28. WEBER conceded the expertise and qualifications of the plaintiff's expert witness, HERBERT BRANDVEIN, C.P.A., who testified that the debtor was insolvent at the time the sales occurred. (Day 1, p. 25, lines 3-9).
29. In October or November, 1979, the debtor, through HERSHEY and at the suggestion of BERTONAZZI, consulted the law firm of ROSS DILORENZO concerning the advisability of filing a petition in bankruptcy, and discussed with BATES the feasibility of declaring bankruptcy.

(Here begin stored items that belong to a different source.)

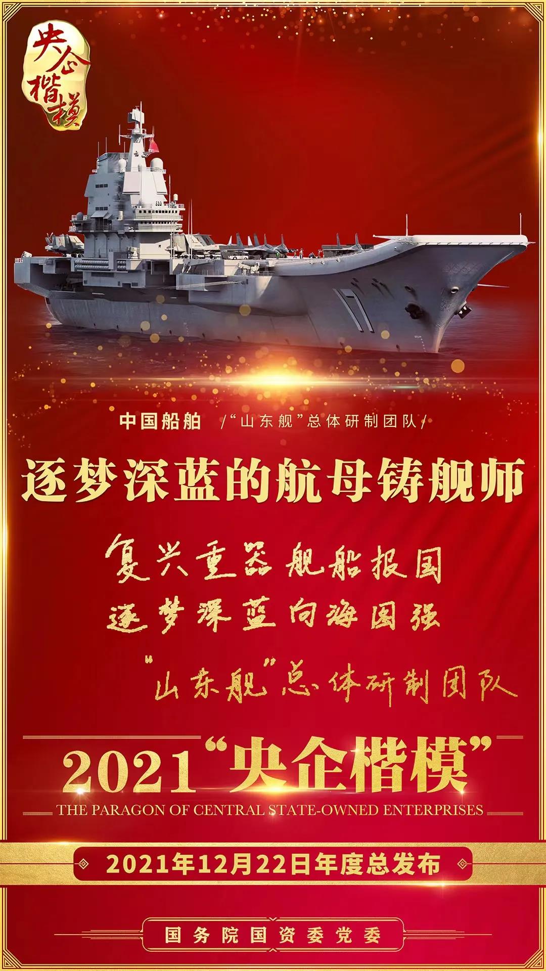 12月22日,国务院国资委党委举行2021年第二批“央企楷模”发布暨年度总发布仪式,中国船舶“山东舰”总体研制团队荣获2021年“央企楷模”荣誉称号。继“奋斗者”号万米载人潜水器研发团队获评2020年“央企楷模”荣誉称号后,中国船舶集团再获此殊荣。
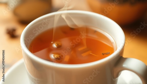 tea, hot tea, cup of tea, white cup, relaxation, comfort, enjoyment, spice, aromatic, autumn, winter, cosy, drink, beverage, closeup, macro, food photography, still life, table setting, wooden table, brown, orange, amber, vapour, steam, delicious, healthy, hot beverage, herbal tea, tea leaf, comfort food, holiday, christmas, fall, relaxing, food and drink, spiced
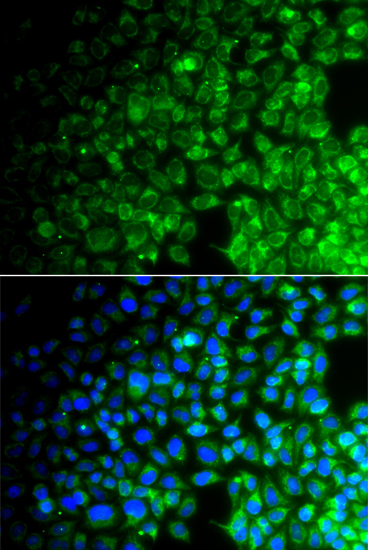 Immunofluorescence analysis of A549 cells using USP10 antibody. |
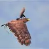 金雕:属于鹰科、雕属的猛禽。体长76-102厘米,翼展达2.3米,体重2-6.5千克。雌雄同色。未成年时,头、颈黄棕色;两翼飞羽除了最外侧三枚外基部均缀有白色,其余身体部分暗褐色;羽尾灰白色,…全部>>
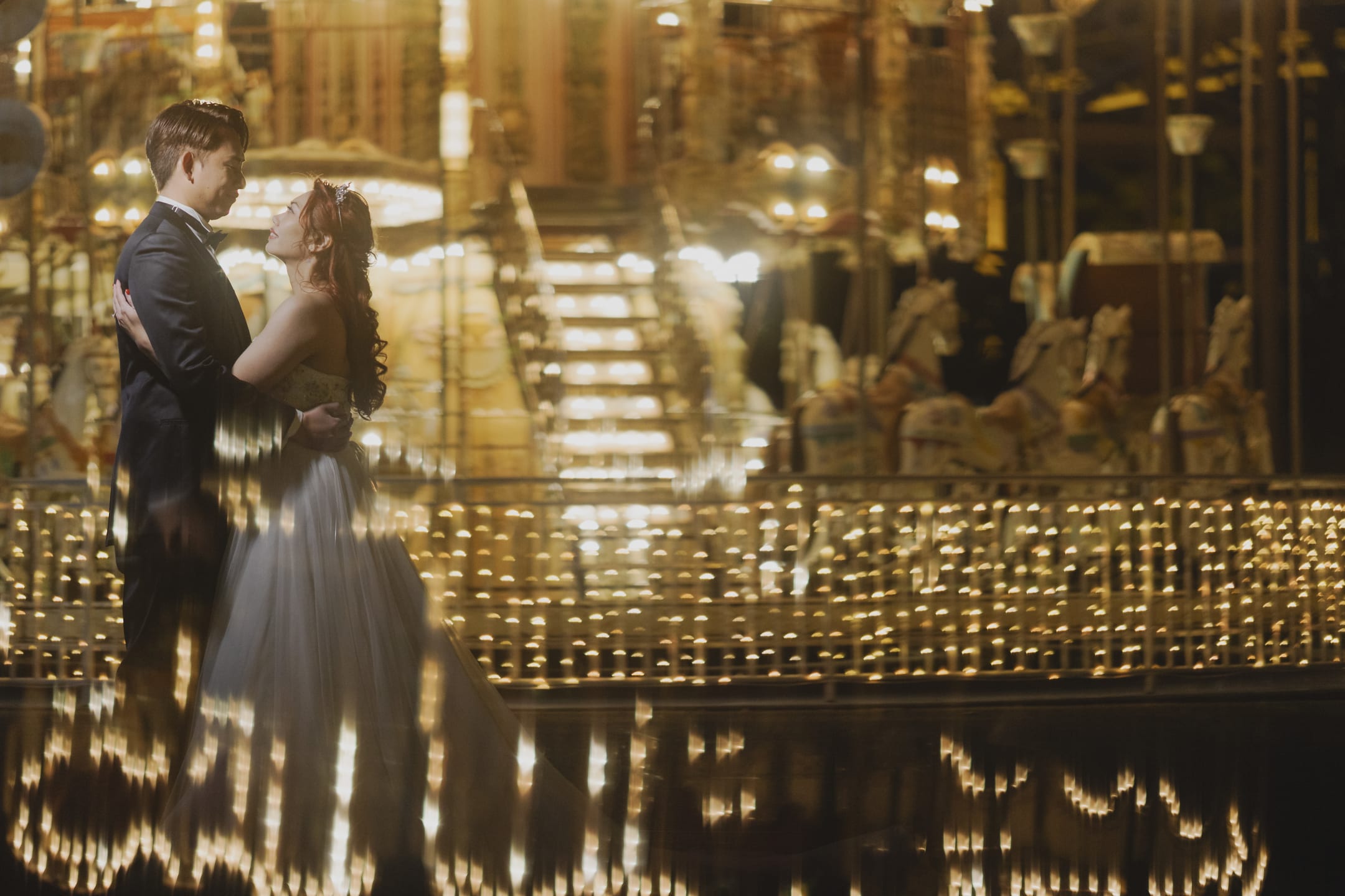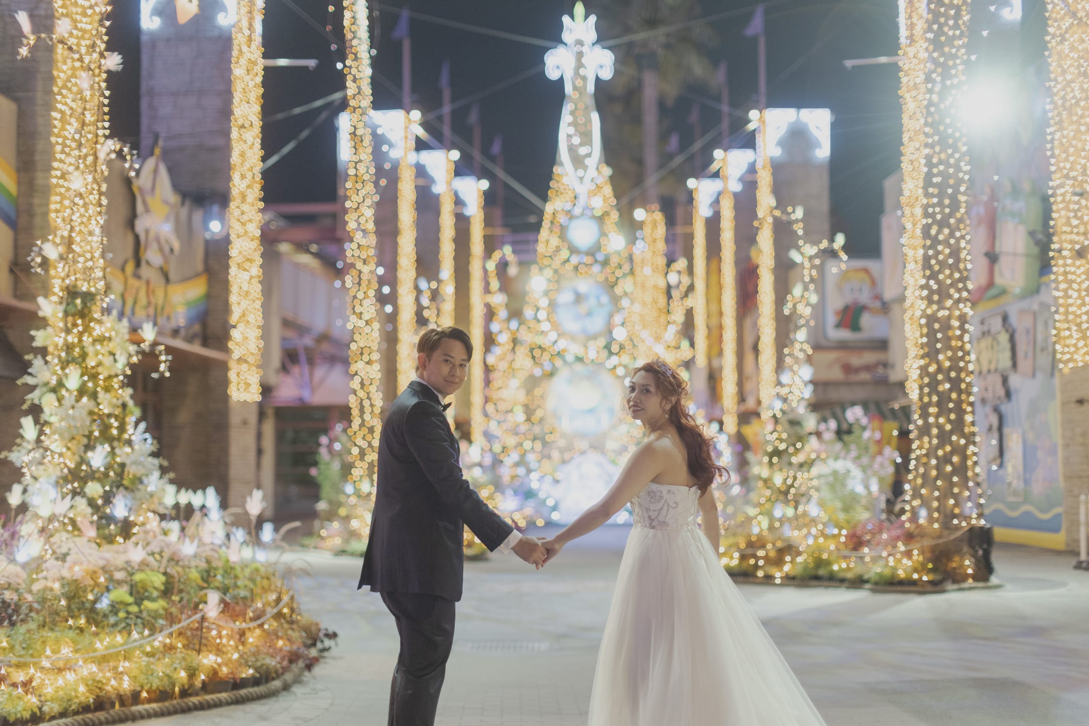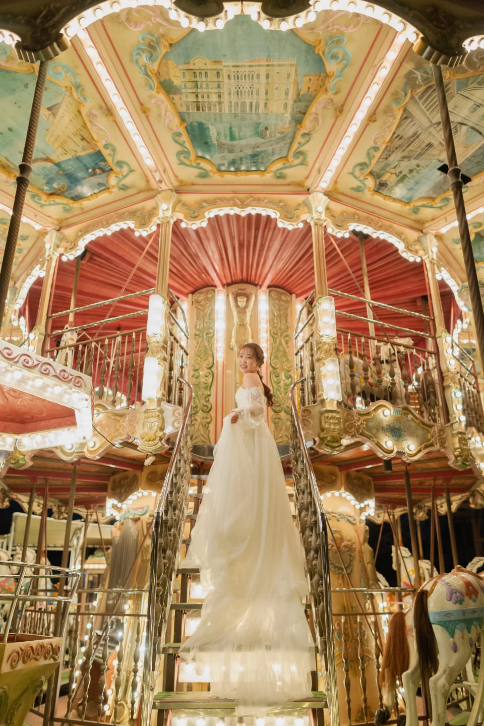 冬季的遊樂園呈現季節限定的夢幻氛圍。以雪景或燈光點綴為背景,可拍出獨特且充滿戲劇性的照片。

BATES at that time advised the debtor that there was a possibility, after the Bank had offset the insurance settlement check, that creditors would file an involuntary petition. (Day 2, p. 10, lines 7-18, p. 133, lines 2-15; p. 134, lines 13-14; p. 170, lines 3-7.) Furthermore, WEBER recommended that the debtor declare bankruptcy, (Day 1, p. 143, line 15).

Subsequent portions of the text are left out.